В спальню заглянула Юля и улыбнулась:
– Мамуль, ты как?
Монахов прекратил разговор, когда дочь ступила в спальню.
– Ничего, милая, получше, – ответила Наталья и Юля, не боясь подхватить грипп, приникла к ней, целуя в щеку.
– Я бутерброды сделала с красной рыбкой, пойдемте перекусим. – Переключила свое внимание на отца. Окинула его придирчивым взглядом, легкими движениями смахнула пылинки с лацканов пиджака. Губы отца тронула мужественная улыбка. Взгляд при виде дочери смягчился, и в ответ она улыбнулась еще шире. Любила этот момент, когда отец собирался уезжать из дому; следила с удовольствием за его действиями – как он застегивал пуговицы на манжетах рубашки или вдевал запонки, завязывал галстук, натягивал пиджак на широкие плечи. И стойкий жесткий аромат его парфюма она любила, когда он еще не разошелся по воздуху, а стоял плотной завесой, оседая постепенно. Тогда Юля обнимала отца крепко-крепко, позже чувствуя на руках и своей одежде запах отца. Это ощущение ее сопровождало с самого детства. Отец всегда щепетильно относился к своему внешнему виду. Не ходил в свитерах с вытянутыми рукавами или лоснящихся брюках. И костюм носил по-особенному, как парадную форму, что ли, и туфли обязательно до блеска начищал.
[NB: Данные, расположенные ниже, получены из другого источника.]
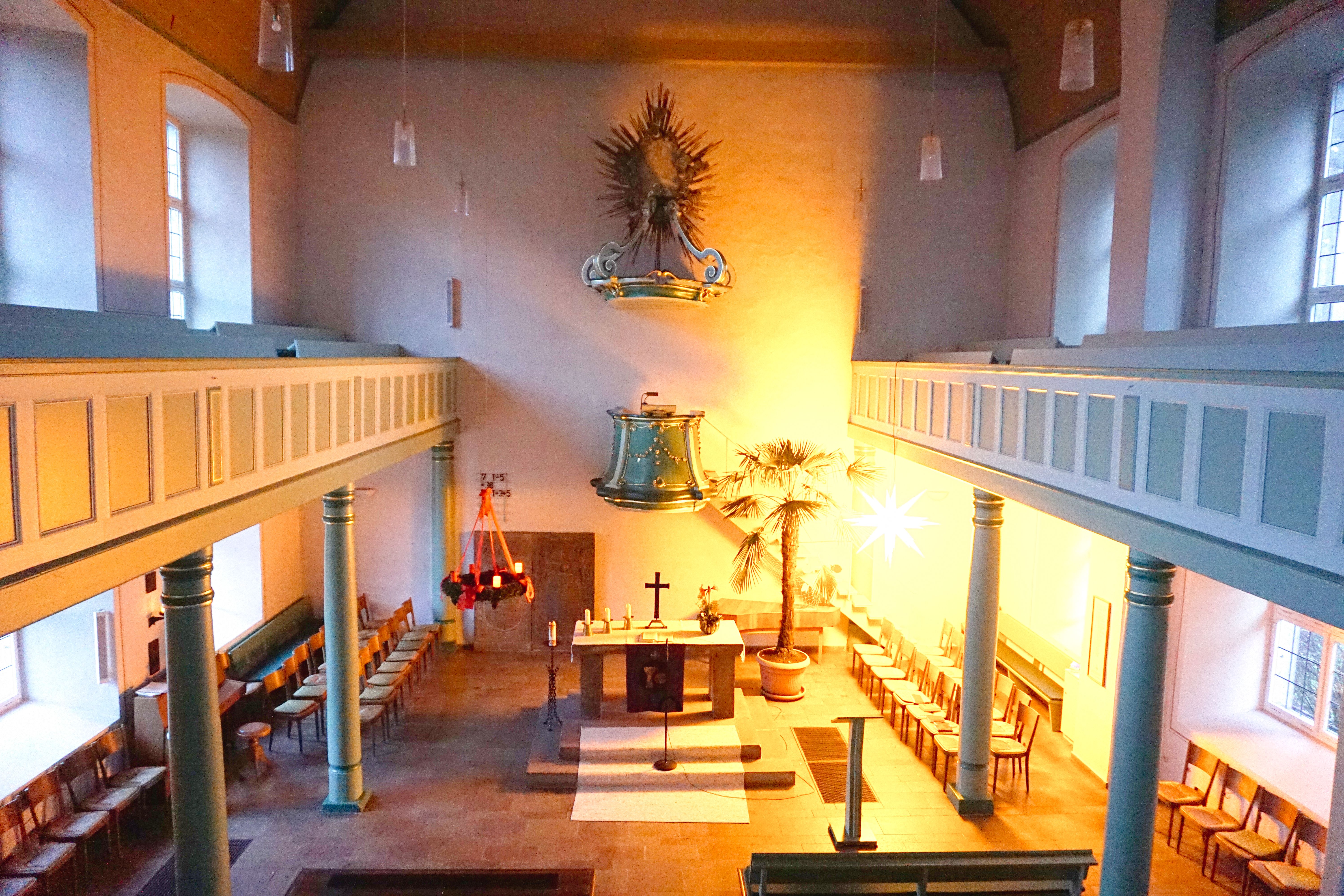 Innenraum mit Kanzel in der evangelischen Kirche Niederaula.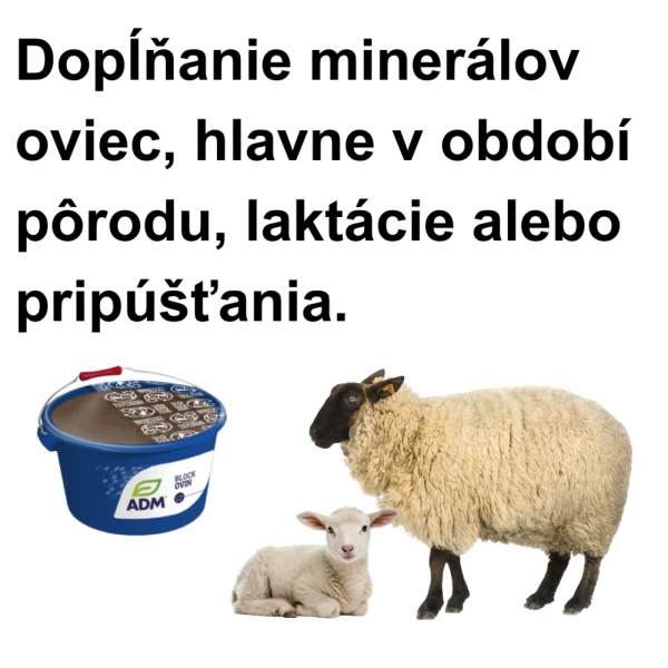 • Minerálny liz Block OVIN melasový pre mliečne a laktujúce ovce 25 kg - je minerálne vitamínové melasované krmivo pre ovce, ktoré dodáva minerály, stopové prvky a vitamíny nevyhnutné pre ovce. Je bohatý na vitamín B1 a chelát zinku. Vhodné pre mliečne a laktujúce ovce. Môže byť distribuované aj pre dobytok a kozy.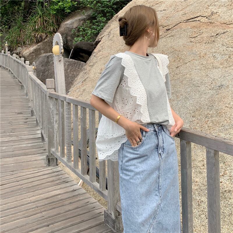 サマースタンダードレースルーズTシャツ トップス レディース レトロ 夏物 ステッチ ハンチェンe66489643586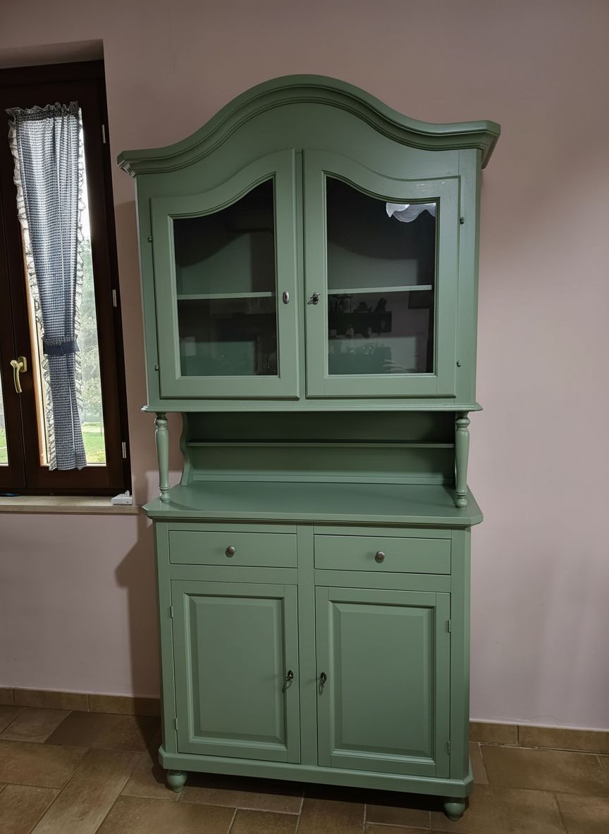 Cristalliera legno 2 porte arte povera verde salvia 104X43X215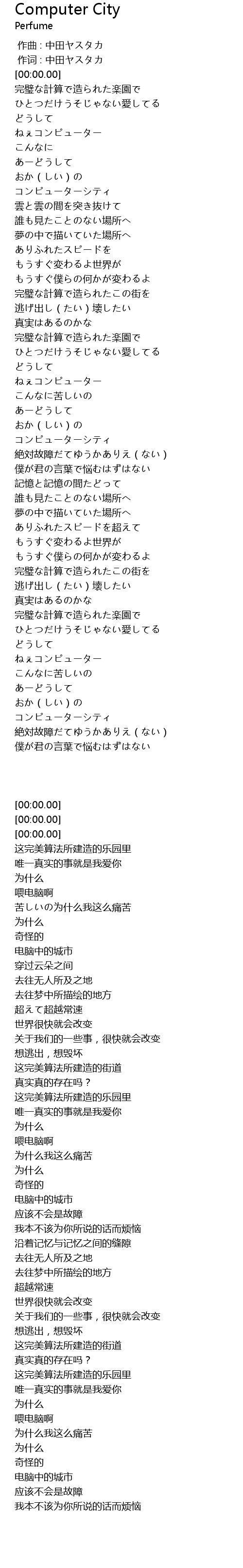 | [00:00.00] | 作词 : 中田ヤスタカ |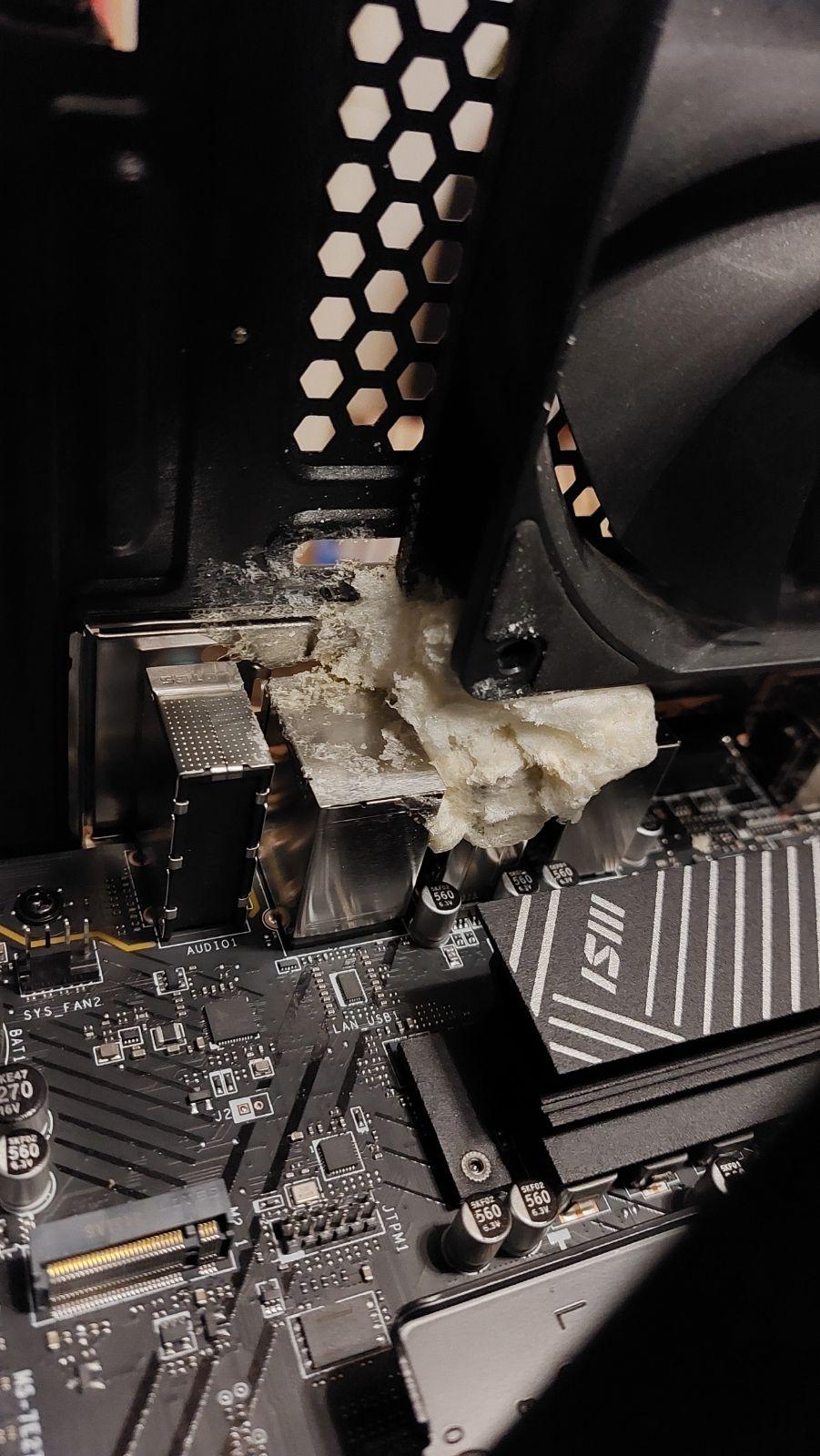 -La protection placée par LDLC (une mousse expansive dans un sachet) ne protège pas grand chose pendant le transport : elle n'était pas assez étendue pour fixer le ventirad ou la carte graphique.

– Странные у вас желания, – усмехнулся Монахов предложению дочери.
– Смотреть уже не могу на мед, малину и все эти травяные отвары. Хочется чего-то… – Наталья поднялась с кровати.
– …чтобы поразить воображение, – закончила за нее Юля.
– Что-то типа этого, – согласилась мать.
На кухне их ждал накрытый стол. Юля обо всех позаботилась. Налила себе и отцу по чашке чая, для матери сварила кофе. Всем насыпала по две ложки сахара.
– Юля, мы тут на днях поговорили с мамой… – Сначала Сергей Владимирович не собирался налегать на бутерброды с соленой рыбой, хотя она скорее малосольная. Но жена и дочь так аппетитно и с удовольствием ели, что и он поддался искушению.
Ох, как Юлька не любила, когда кто-то из родителей начинал свою речь с этих слов! Это всегда пугало, потому что обычно в таких случаях планы у родителей были далеко идущие и касались не просто каких-то заурядных бытовых вопросов. Другим языком, отцовские слова означали «мы все решили и возражения не принимаются». Именно это вызывало в Юльке неизменный душевный протест.
– …что после окончания школы ты поедешь учиться в Лондон.
– Куда?! – Юля округлила глаза и забыла глотнуть чая. Чашка застыла у рта.
– В Англию. В Лондон. Ты же когда-то сама об этом мечтала.
– Папа! Я в пятом классе мечтала стать космонавтом… космонавткой. И что с того? Вы меня в космос отправите, даже не спросив и не посоветовавшись со мной?
– Юля, прекрати, – остановила ее мать.
– У меня с английским не очень хорошо. – Юля посмотрела на маму с немым укором. Та и словом не обмолвилась, что упомянутый отцом разговор состоялся. Юлю поставили перед фактом, лишив возможности выбирать самой. Внутри она вздрогнула от перспективы в будущем покинуть родной город. С недавнего времени планы ее кардинально поменялись. В них появилось очень важное звено.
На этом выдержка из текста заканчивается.